[WORK ITEM]:
Would you output the entries below only from the line containing "Wegebau: Fußweg (vor" through the line containing "ଆର୍ଜେଣ୍ଟିନାକୁ ହରାଇବାପରେ ସୌଦୀ", exactly as they stand and with both ends included?

Dataset entries:

---------------

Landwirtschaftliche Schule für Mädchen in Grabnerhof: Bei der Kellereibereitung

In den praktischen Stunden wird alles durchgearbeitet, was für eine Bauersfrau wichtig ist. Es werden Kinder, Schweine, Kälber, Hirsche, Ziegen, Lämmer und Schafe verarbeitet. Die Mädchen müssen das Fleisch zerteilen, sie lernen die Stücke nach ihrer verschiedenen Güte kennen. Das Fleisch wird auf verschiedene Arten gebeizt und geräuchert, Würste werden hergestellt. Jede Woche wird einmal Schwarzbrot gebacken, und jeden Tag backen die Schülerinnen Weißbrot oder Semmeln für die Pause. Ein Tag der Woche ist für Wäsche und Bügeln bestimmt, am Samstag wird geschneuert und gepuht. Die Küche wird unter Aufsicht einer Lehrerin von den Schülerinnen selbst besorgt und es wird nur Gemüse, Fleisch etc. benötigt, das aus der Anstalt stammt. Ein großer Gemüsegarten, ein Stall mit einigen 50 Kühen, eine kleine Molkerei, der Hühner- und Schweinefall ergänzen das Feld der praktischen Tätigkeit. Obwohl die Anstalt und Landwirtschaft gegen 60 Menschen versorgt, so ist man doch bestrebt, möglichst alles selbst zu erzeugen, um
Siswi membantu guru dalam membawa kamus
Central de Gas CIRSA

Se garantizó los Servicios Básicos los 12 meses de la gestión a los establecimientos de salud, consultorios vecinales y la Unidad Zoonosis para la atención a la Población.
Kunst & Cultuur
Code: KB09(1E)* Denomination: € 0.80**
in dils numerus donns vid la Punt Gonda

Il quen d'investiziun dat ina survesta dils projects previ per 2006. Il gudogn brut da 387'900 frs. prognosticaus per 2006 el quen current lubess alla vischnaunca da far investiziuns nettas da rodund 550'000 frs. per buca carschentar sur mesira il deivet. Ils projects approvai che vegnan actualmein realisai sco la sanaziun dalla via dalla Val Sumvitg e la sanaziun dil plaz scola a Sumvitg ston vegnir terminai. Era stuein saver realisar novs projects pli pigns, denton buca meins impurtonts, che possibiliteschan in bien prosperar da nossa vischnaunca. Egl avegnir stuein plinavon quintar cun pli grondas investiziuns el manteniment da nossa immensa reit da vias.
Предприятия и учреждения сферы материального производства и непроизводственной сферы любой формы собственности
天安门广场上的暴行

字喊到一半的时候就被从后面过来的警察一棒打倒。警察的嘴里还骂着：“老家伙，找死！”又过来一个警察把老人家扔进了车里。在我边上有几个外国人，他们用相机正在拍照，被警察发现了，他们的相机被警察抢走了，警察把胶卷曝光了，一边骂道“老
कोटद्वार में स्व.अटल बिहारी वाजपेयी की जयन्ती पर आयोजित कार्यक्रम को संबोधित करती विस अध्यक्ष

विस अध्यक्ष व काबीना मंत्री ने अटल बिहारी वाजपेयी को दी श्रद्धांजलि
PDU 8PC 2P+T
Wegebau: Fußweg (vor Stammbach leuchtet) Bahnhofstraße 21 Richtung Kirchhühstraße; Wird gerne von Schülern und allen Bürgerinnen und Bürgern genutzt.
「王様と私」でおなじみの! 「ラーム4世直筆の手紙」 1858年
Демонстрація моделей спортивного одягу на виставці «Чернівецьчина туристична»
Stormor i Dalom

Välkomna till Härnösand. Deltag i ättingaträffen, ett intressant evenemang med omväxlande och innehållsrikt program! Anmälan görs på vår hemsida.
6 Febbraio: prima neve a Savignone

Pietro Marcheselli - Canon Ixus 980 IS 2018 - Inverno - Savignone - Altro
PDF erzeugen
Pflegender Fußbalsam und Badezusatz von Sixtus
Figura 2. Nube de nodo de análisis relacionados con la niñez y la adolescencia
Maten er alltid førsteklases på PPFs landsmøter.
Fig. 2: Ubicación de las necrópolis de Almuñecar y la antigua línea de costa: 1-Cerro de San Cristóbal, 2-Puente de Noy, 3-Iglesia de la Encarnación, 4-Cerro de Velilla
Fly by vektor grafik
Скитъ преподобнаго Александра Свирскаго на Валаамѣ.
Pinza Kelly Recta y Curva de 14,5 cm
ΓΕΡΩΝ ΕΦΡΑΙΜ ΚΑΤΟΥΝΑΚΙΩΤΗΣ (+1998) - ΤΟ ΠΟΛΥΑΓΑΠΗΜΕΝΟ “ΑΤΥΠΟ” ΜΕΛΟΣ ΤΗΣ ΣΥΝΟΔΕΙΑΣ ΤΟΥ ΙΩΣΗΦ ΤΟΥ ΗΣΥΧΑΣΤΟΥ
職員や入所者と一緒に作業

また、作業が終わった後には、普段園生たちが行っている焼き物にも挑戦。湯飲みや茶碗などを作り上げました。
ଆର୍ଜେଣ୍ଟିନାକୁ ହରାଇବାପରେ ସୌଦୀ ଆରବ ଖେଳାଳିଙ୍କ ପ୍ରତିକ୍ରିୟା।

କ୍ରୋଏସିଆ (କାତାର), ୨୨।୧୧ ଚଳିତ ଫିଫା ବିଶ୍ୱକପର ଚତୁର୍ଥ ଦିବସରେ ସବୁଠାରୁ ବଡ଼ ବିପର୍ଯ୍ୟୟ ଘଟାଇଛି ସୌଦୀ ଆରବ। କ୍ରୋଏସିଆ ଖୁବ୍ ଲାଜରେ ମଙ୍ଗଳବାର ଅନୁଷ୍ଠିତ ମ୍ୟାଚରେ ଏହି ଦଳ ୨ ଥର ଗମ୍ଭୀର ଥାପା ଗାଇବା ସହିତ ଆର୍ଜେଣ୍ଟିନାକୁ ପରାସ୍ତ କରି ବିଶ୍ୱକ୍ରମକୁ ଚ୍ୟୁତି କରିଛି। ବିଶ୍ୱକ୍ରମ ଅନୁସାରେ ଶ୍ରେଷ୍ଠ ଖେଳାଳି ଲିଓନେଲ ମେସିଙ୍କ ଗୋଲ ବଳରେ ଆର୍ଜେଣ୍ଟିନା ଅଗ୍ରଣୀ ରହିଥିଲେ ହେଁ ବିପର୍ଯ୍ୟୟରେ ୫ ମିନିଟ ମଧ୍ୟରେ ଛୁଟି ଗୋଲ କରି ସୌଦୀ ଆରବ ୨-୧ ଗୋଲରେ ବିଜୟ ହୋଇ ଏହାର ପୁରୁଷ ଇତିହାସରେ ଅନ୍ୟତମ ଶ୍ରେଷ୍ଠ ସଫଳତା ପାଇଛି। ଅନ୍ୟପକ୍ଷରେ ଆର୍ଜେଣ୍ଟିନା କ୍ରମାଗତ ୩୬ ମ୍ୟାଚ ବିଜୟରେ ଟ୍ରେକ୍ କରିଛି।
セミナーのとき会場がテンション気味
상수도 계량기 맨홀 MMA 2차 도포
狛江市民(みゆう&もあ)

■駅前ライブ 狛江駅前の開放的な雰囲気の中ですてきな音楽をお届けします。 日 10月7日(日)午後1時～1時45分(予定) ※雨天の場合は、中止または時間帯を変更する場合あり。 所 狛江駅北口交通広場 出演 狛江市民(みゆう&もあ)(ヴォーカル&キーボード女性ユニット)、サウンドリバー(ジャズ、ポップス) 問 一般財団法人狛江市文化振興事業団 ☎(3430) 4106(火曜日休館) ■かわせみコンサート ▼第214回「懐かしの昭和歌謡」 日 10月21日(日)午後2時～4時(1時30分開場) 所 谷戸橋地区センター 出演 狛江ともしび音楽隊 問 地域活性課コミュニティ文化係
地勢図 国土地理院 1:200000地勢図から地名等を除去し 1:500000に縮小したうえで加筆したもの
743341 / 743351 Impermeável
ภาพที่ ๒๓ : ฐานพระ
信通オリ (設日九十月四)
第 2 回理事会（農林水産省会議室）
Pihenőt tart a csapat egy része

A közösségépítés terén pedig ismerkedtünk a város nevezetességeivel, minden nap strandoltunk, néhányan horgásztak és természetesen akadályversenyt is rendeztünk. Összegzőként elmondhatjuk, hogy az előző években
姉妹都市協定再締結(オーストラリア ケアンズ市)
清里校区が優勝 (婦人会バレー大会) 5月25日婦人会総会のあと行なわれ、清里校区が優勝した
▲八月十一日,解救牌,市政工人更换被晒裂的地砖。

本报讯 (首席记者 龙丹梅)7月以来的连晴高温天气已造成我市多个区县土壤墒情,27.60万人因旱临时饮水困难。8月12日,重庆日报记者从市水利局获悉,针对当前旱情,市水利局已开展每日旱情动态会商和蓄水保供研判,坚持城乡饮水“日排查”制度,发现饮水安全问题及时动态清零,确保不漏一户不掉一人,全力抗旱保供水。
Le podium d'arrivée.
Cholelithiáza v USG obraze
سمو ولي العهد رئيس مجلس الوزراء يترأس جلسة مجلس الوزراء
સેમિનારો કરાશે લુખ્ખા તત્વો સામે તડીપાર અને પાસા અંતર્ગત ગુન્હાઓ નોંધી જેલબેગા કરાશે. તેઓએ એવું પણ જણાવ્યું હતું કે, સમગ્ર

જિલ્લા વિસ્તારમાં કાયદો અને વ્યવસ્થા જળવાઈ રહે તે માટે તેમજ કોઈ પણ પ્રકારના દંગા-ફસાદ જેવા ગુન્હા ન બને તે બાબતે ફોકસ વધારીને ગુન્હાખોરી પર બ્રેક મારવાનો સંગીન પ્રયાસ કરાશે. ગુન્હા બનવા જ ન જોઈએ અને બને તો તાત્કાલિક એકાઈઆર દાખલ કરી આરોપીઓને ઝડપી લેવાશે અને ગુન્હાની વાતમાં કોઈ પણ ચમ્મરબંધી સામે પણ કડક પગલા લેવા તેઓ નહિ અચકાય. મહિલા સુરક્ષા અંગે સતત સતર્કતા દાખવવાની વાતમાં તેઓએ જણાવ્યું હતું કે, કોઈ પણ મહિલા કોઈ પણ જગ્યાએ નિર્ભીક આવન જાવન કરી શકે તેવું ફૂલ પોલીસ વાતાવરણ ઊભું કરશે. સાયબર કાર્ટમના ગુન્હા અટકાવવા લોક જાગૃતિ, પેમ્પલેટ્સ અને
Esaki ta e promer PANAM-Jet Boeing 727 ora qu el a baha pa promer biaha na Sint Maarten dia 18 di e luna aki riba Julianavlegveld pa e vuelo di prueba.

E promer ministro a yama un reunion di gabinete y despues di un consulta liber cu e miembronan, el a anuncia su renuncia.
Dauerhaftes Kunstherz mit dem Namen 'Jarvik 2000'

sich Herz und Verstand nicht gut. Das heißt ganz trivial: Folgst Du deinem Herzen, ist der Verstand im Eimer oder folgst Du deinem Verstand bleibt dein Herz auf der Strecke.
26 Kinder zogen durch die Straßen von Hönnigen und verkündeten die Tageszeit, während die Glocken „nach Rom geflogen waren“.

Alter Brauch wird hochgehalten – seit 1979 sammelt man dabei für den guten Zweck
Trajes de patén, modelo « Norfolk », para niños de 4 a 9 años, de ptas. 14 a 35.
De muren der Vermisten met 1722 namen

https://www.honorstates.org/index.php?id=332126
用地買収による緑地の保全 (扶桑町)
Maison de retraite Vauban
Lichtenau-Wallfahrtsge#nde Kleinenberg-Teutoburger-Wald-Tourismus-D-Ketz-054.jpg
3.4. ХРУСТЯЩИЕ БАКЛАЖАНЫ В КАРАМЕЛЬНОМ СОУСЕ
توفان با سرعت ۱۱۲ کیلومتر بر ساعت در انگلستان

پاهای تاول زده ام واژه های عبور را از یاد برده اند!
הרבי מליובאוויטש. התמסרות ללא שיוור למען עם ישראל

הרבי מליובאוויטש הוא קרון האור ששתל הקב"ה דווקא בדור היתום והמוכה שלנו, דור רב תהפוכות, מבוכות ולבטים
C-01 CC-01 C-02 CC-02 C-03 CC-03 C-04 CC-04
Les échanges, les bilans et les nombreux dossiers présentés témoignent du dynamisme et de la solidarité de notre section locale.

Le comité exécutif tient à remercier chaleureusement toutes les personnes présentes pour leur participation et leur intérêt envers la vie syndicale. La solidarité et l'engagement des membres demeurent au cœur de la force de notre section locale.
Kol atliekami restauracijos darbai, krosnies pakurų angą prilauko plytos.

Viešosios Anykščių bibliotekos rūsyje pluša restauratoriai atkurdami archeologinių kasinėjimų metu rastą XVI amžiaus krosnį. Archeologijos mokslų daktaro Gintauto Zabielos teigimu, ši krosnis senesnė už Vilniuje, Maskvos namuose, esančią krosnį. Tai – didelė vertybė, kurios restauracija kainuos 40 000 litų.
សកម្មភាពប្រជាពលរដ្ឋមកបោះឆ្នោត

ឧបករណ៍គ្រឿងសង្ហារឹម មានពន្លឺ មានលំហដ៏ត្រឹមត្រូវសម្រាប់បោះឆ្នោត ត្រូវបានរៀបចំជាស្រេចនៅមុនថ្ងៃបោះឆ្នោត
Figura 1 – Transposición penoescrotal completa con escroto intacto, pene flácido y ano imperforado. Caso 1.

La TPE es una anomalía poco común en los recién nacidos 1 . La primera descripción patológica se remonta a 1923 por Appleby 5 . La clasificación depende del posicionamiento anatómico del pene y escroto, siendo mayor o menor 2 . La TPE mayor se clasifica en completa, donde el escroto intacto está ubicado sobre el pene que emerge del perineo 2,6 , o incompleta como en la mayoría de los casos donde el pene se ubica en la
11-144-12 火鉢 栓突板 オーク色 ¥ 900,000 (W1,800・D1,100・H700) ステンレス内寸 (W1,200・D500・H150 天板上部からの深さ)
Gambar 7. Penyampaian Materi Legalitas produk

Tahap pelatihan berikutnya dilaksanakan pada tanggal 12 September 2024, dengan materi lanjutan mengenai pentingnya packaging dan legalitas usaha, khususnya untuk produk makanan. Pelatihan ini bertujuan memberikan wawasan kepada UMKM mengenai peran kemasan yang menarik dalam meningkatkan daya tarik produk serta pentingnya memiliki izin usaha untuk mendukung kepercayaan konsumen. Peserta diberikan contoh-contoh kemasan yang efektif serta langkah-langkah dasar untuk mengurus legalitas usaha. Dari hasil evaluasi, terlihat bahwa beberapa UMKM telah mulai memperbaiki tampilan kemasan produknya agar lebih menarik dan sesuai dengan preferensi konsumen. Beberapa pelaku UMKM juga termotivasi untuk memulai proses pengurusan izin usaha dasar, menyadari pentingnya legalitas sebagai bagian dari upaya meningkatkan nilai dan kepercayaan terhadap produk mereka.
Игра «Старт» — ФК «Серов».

---------------

[OUTPUT]:
Wegebau: Fußweg (vor Stammbach leuchtet) Bahnhofstraße 21 Richtung Kirchhühstraße; Wird gerne von Schülern und allen Bürgerinnen und Bürgern genutzt.
「王様と私」でおなじみの! 「ラーム4世直筆の手紙」 1858年
Демонстрація моделей спортивного одягу на виставці «Чернівецьчина туристична»
Stormor i Dalom

Välkomna till Härnösand. Deltag i ättingaträffen, ett intressant evenemang med omväxlande och innehållsrikt program! Anmälan görs på vår hemsida.
6 Febbraio: prima neve a Savignone

Pietro Marcheselli - Canon Ixus 980 IS 2018 - Inverno - Savignone - Altro
PDF erzeugen
Pflegender Fußbalsam und Badezusatz von Sixtus
Figura 2. Nube de nodo de análisis relacionados con la niñez y la adolescencia
Maten er alltid førsteklases på PPFs landsmøter.
Fig. 2: Ubicación de las necrópolis de Almuñecar y la antigua línea de costa: 1-Cerro de San Cristóbal, 2-Puente de Noy, 3-Iglesia de la Encarnación, 4-Cerro de Velilla
Fly by vektor grafik
Скитъ преподобнаго Александра Свирскаго на Валаамѣ.
Pinza Kelly Recta y Curva de 14,5 cm
ΓΕΡΩΝ ΕΦΡΑΙΜ ΚΑΤΟΥΝΑΚΙΩΤΗΣ (+1998) - ΤΟ ΠΟΛΥΑΓΑΠΗΜΕΝΟ “ΑΤΥΠΟ” ΜΕΛΟΣ ΤΗΣ ΣΥΝΟΔΕΙΑΣ ΤΟΥ ΙΩΣΗΦ ΤΟΥ ΗΣΥΧΑΣΤΟΥ
職員や入所者と一緒に作業

また、作業が終わった後には、普段園生たちが行っている焼き物にも挑戦。湯飲みや茶碗などを作り上げました。
ଆର୍ଜେଣ୍ଟିନାକୁ ହରାଇବାପରେ ସୌଦୀ ଆରବ ଖେଳାଳିଙ୍କ ପ୍ରତିକ୍ରିୟା।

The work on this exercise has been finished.